I looked at how we could use acpi_pci_set_power_state() but I don't
think it is possible because it is likely that only the root port has
the power resource that is used to bring the link to L2 or L3. However,
we would need to repeat the delay for each downstream/root port if there
are multiple PCIe switches in the topology.

Also the delay needs to be issued after the downstream link is trained
so the downstream/root port needs to be in D0 first.

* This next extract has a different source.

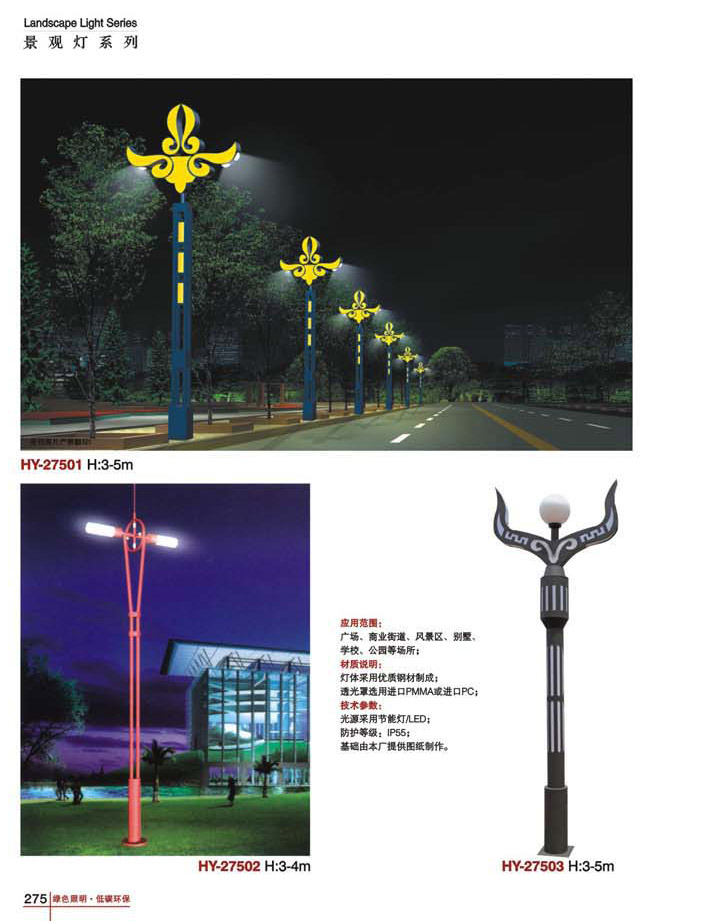 用途:景觀燈適用市政工程、園林亮化工程和公園、開發(fā)區(qū)、別墅區(qū)、廣場等戶外路燈照明工程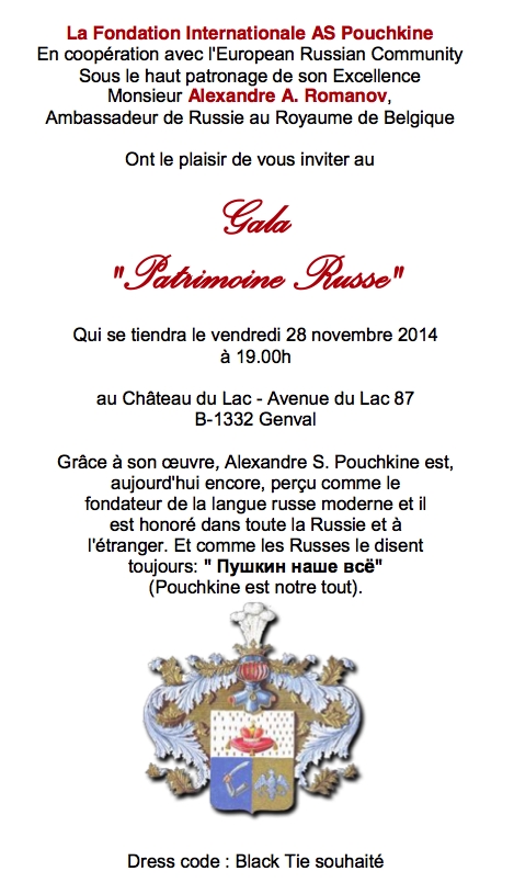 October 2014 : Calendrier d'événements relatifs à la culture russe.Voici le lien vers la liste des 53 événements culturels déjà enregistrés pour ce mois de novembre 2014. Notons que décembre rassemble déjà 21 annonces et l'année 2015 en compte 31. Impossible donc de tout citer dans ce texte! Ne nous en tenez pas rigueur. Alors que la troupe Koukouchechka de Bobrouisk poursuit sa tournée, Julietta propose déjà une petite soirée en chansons ce 7 novembre au Sans Interdit. Nous avons été ravis d'assister au tout premier concert donné par sa toute nouvelle asbl Triomphe de l'Art et dont Radio-Rubel a assuré le reportage. Le lendemain 8 novembre « Parfum d’Ambre » nous invite à son double événement qui met l'âme slave à l'honneur. Nous aimons annoncer les concerts parisiens de Natacha ainsi bientôt son Récital Fusion puis Sainte-Cécile. Nos amis liégeois nous offrent une soirée russe au musée du Fort à Boncelles, tandis que Halinka nous revient à Bruxelles avec son expo « Détails pierre - bronze ». Enfin, ne rater sous aucun prétexte le 28 novembre le prestigieux Gala « Patrimoine Russe » au Château du Lac à Genval ainsi que le 25 novembre la petite prestation de notre chorale « Rossa i Nota » en l'Eglise Sainte-Alix de Woluwé-Saint-Pierre. | |

> > > > > For D3cold->D0, I guess that would be somewhere down in
> > > > > platform_pci_set_power_state()?  Maybe acpi_pci_set_power_state()?
> > > > > What about the mid_pci_set_power_state() path?  Does that need this
> > > > > too?
> > > > 
> > > > I can take a look if it can be placed there. Yes,
> > > > mid_pci_set_power_state() may at least in theory need it too although I
> > > > don't remember any MID platforms with real PCIe devices.
> > > 
> > > I don't know how the OS is supposed to know if these are real PCIe
> > > devices or not.  If we don't know, we have to assume they work per
> > > spec and may require the delays per spec.
> > 
> > Well MID devices are pretty much "hard-coded" the OS knows everything
> > there is connected.
> 
> MID seems to be magic in that it wants to use the normal PCI core
> without having to abide by all the assumptions in the spec.  That's
> OK, but MID needs to be explicit about when it is OK to violate those
> assumptions.  In this case, I think it means that if we add the delay
> to acpi_pci_set_power_state(), we should at least add a comment to
> mid_pci_set_power_state() about why the delay is or is not required
> for MID.
> 
> > > > > In the ACPI spec, _PS0 doesn't say anything about delays.  _ON (which
> > > > > I assume is not for PCI devices themselves) *does* say firmware is
> > > > > responsible for sequencing delays, so I would tend to assume it's
> > > > > really firmware's job and we shouldn't need to do this in the kernel
> > > > > at all.
> > > > 
> > > > _ON is also for PCI device itself but all those methods are not just for
> > > > PCI so they don't really talk about any PCI specific delays. You need to
> > > > look at other specs. For example PCI FW spec v3.2 section 4.6.9 says
> > > > this about the _DSM that can be used to decrease the delays:
> > > > 
> > > >   This function is optional. If the platform does not provide it, the
> > > >   operating system must adhere to all timing requirements as described
> > > >   in the PCI Express Base specification and/or applicable form factor
> > > >   specification, including values contained in Readiness Time Reporting
> > > >   capability structure.
> > > 
> > > I don't think this _DSM tells us anything about delays after _ON,
> > > _PS0, etc.  All the delays it mentions are for transitions the OS can
> > > do natively without the _ON, _PS0, etc methods.  It makes no mention
> > > of those methods, or of the D3cold->D0 transition (which would require
> > > them).
> > 
> > D3cold->D0 transition is explained in PCI spec 5.0 page 492 (there is
> > picture). You can see that D3cold -> D0 involves fundamental reset.
> > Section 6.6.1 (page 551) then says that fundamental reset is one
> > category of conventional reset. Now, that _DSM allows lowering the init
> > time after conventional reset. So to me it talks exactly about those
> > delays (also PCIe cannot go into D3cold without help from the platform,
> > ACPI in this case).
> 
> Everything on the _DSM list is something the OS can do natively (even
> conventional reset can be done via Secondary Bus Reset), and it says
> nothing about a connection with ACPI power management methods (_PS0,
> etc), so I think it's ambiguous at best.  A simple "OS is responsible
> for any bus-specific delays after a transition" in the ACPI _PS0
> documentation would have trivially resolved this.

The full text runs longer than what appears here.